[CUDA] Implement urKernelSuggestMaxCooperativeGroupCountExp for Cuda
This commit implements the experimental urKernelSuggestMaxCooperativeGroupCountExp, for the Cuda adapter, to retrieve the maximum number of cooperative groups that can be launched on the device.
Additionally, the changes also cache the result of the CU_DEVICE_ATTRIBUTE_MULTIPROCESSOR_COUNT Cuda driver query which is used to calculate the device wide maximum cooperative groups, because the Cuda occupancy query used has per SM (Multiprocessor) semantics.
Testing and related changes enabling querying this from SYCL: https://github.com/intel/llvm/pull/14333
2024-06-27T14:32:19.4840797Z Failed Tests (1):
2024-06-27T14:32:19.4849324Z SYCL :: GroupAlgorithm/root_group.cpp
2024-06-27T14:32:19.4840797Z Failed Tests (1): 2024-06-27T14:32:19.4849324Z SYCL :: GroupAlgorithm/root_group.cpp
@pbalcer Yeah aware, thanks!
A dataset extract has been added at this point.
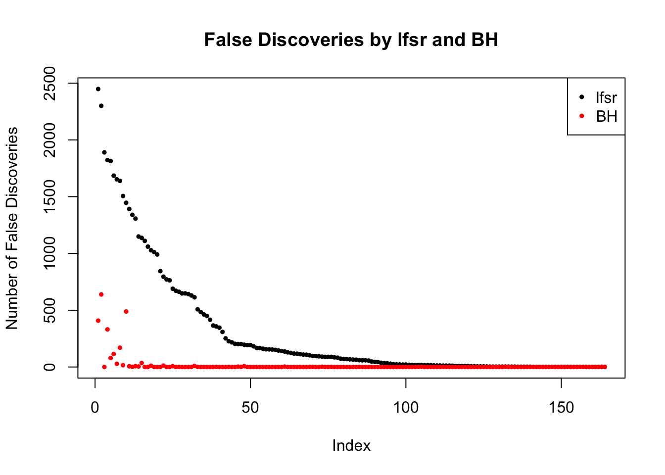 N0. 2 : Data Set 33 ; Number of False Discoveries by BH: 0 ; Number of False Discoveries by ASH's lfsr: 1111 ; pihat0 = 0.01048871

The root group barrier is currently not supported correctly for cooperative-group kernels in the CUDA backend, so the intel/llvm corresponding PR will be XFAIL-ing it until it is implemented.
It previously passed because the query was returning a single group and it was calling a work-group level barrier rather than device-wide (cross-work-group).
After last rebase, there's a:
SYCL :: Regression/device_num.cpp
e2e failure that seems unrelated.